Print word for word the first line of the records below and every following line through the one containing "Women's Dress, No"; print nothing else.

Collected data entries
--------
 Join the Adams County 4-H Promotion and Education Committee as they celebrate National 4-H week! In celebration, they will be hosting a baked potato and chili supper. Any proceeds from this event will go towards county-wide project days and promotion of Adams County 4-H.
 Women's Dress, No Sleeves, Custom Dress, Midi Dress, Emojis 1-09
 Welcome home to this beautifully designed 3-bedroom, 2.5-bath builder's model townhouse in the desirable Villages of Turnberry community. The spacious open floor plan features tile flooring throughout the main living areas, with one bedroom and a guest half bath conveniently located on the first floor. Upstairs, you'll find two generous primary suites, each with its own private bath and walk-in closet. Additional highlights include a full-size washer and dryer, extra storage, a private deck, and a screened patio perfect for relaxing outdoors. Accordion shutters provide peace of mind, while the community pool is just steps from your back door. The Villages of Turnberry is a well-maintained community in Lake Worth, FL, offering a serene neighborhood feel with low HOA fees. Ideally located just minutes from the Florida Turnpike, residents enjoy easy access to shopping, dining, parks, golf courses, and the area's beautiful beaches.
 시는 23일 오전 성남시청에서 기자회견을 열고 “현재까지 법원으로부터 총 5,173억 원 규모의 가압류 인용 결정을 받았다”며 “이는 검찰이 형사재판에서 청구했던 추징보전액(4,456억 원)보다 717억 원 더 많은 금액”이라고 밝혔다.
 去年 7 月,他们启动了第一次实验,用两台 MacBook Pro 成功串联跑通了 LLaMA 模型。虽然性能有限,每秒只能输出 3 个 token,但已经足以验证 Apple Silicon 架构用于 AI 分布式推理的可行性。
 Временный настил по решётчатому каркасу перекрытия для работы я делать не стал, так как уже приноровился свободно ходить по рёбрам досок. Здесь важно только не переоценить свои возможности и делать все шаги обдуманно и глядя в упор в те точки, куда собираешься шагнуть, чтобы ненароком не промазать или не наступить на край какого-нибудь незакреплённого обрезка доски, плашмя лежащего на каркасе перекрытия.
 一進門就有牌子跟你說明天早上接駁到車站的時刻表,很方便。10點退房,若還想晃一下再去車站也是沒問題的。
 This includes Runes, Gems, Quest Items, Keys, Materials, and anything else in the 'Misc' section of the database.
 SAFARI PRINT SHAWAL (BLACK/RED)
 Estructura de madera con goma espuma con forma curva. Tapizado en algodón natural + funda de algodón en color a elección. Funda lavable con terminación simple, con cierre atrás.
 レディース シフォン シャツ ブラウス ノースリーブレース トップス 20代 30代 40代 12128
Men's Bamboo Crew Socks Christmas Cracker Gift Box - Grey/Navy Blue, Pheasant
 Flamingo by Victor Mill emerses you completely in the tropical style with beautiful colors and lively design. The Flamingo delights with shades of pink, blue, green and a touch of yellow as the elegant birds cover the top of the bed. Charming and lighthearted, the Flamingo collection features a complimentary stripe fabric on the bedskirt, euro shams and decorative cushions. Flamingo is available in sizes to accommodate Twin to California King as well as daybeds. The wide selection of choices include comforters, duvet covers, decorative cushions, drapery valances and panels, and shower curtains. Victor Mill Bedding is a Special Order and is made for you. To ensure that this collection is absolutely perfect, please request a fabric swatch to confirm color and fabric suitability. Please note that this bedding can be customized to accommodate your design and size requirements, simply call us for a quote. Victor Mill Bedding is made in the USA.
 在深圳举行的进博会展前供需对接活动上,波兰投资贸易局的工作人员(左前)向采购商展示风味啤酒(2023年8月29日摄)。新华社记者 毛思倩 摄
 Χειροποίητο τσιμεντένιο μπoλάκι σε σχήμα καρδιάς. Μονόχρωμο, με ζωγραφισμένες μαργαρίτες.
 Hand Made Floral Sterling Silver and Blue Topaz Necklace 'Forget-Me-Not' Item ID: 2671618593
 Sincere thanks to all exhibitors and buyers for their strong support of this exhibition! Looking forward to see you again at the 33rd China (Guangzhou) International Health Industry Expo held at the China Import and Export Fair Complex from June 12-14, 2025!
--------
• Problem solution:
 Join the Adams County 4-H Promotion and Education Committee as they celebrate National 4-H week! In celebration, they will be hosting a baked potato and chili supper. Any proceeds from this event will go towards county-wide project days and promotion of Adams County 4-H.
 Women's Dress, No Sleeves, Custom Dress, Midi Dress, Emojis 1-09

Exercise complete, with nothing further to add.